Acid etching was the thing now. Craft-store etching product usually mixed with shoe polish, marking on glass or Plexiglas. It didn’t show up immediately, burning into the glass in the space of hours. The longer the acid-etched tag remained, the more permanent it became.

He stood back to size up the shape. Six black appendages radiating from a red center mass. He clicked back through his camera memory. Another one, taken yesterday in Bay Ridge, only not as well-defined. And another, in Canarsie, looking more like an oversized asterisk but evincing the same tight lines.

Jackson knew Phade’s work anywhere. True, this wasn’t like his usual throw-ups — this was amateur work compared to that — but the fine arcs and perfect free-hand proportion were unmistakable.

Dude was going all-city, sometimes in one night. How was that possible?

Eric Jackson was a member of the New York Police Department’s Citywide Vandals Taskforce, his job to track and prevent vandalism. He believed in the gospel of the NYPD as it pertained to graffiti. Even the most beautifully colored and detailed graffiti throw-up represented an affront to public order. An invitation to others to consider the urban environment theirs to do with as they pleased. Freedom of expression was always the miscreant’s way out, but littering was an act of expression also, and you still got nicked for it. Order was a fragile thing, with chaos always just a few steps away.

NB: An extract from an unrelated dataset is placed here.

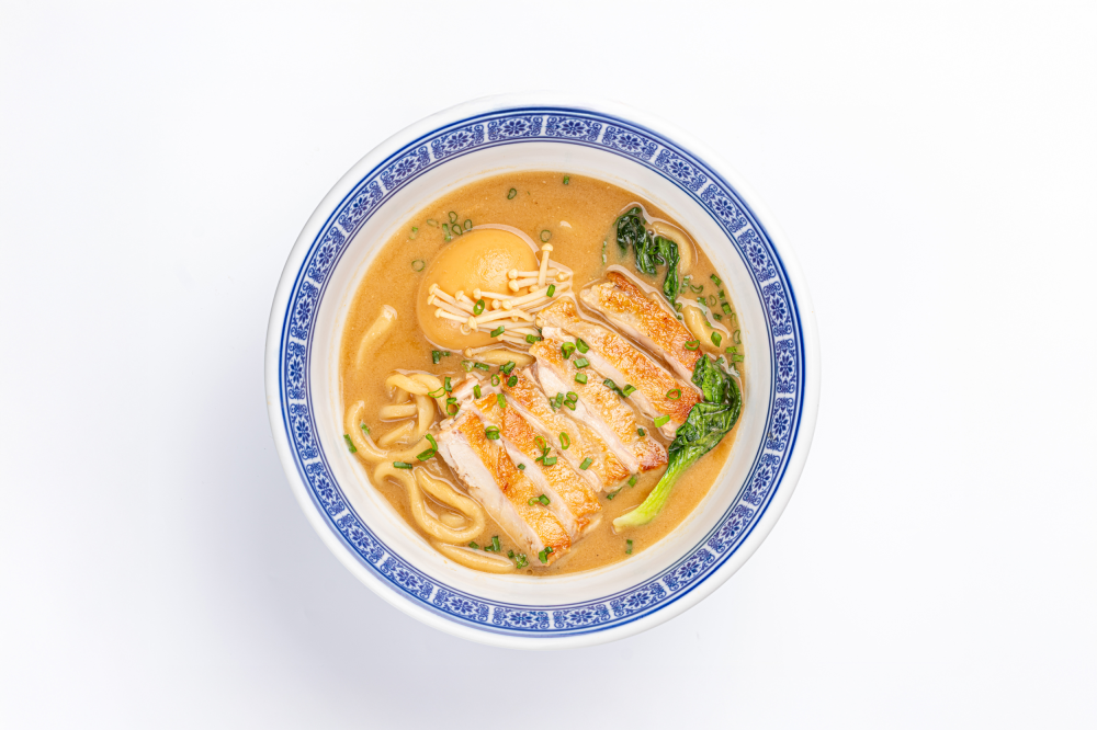 Бульон пайтан, лапша рамен, салат бок чой , грибы эноки, яйцо аджитамого, куриное бедро су вид, зеленый лук
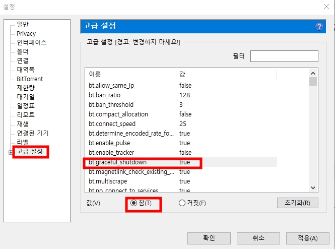 bt.graceful_shutdown을 참(T)로 바꾸어줍니다.

The city was seeing that now, firsthand.

Riots had claimed whole blocks in the South Bronx. Nighttime was the worst. Jackson kept waiting for a call from a captain that would put him back in the old uniform and out on the street. But no word yet. Not a lot of radio chatter at all, whenever he switched it on inside his car. So he kept on doing what he was paid to do.

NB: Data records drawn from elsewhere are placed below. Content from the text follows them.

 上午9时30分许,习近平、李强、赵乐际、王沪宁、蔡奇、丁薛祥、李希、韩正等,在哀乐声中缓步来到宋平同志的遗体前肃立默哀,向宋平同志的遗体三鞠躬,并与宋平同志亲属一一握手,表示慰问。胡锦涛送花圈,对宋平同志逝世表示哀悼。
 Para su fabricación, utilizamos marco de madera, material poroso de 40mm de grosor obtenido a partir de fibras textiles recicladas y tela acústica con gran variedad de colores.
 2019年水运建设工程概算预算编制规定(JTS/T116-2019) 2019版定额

The governor had resisted calls for the National Guard, but he was just a guy in Albany, weighing his political future. Supposedly, with so many units still in Iraq and Afghanistan, the guard was undermanned and underequipped — but, looking at the black smoke in the distant sky, Jackson would have welcomed any help.

Jackson dealt with vandals in all five boroughs, but nobody bombed as much of the city’s fa$clade as Phade. Dude was everywhere. Must have slept all day, tagged all night. He was fifteen or sixteen now, had been getting up since he was twelve. That was the age most taggers start, toying up at schools, on newspaper boxes, etc. In surveillance photos, Phade’s face was always obscured, usually by a Yankees cap tucked underneath a sweatshirt hood, sometimes even an aerosol mask. He wore typical tagger get-up: cargo pants with many pockets, a backpack for his Krylons, hi-top kicks.

Most vandals work in tagging crews, but not Phade. He was a young legend, moving with apparent impunity throughout diverse neighborhoods. He was said to carry a stolen set of transit keys, including a skeleton that unlocked subway cars. His tags earned respect. The typical profile of a young tagger is low self-esteem, a desire for peer recognition, a distorted view of fame. Phade fit none of these traits. His signature wasn’t a tag — usually a nickname or a repetitive motif — but his style itself. His pieces jumped off walls. Jackson’s own suspicion — long since moved from a hunch to a foregone certainty — was that Phade was likely obsessive-compulsive, perhaps showing symptoms of Asperger’s syndrome or even full-spectrum autism.

Jackson understood this, in part, because he was an obsessive himself. He carried a full book on Phade, quite similar in appearance to the “piece books” taggers carried, featuring their graffiti outlines in a black-cover Cachet sketchbook. As one of five officers assigned to the GHOST unit within the Vandals Taskforce — the Graffiti Habitual Offender Suppression Team — he was responsible for maintaining a graffiti offender databank cross-referencing tags and throw-ups with addresses. People who consider graffiti a kind of “street art” think of brightly colored, Wild Style bubble bombs on building murals and subway cars. They don’t think of tagging crews etching storefronts, competing for high-profile — and often dangerous—“gets.” Or, more often, marking gang territory, establishing name recognition and intimidation.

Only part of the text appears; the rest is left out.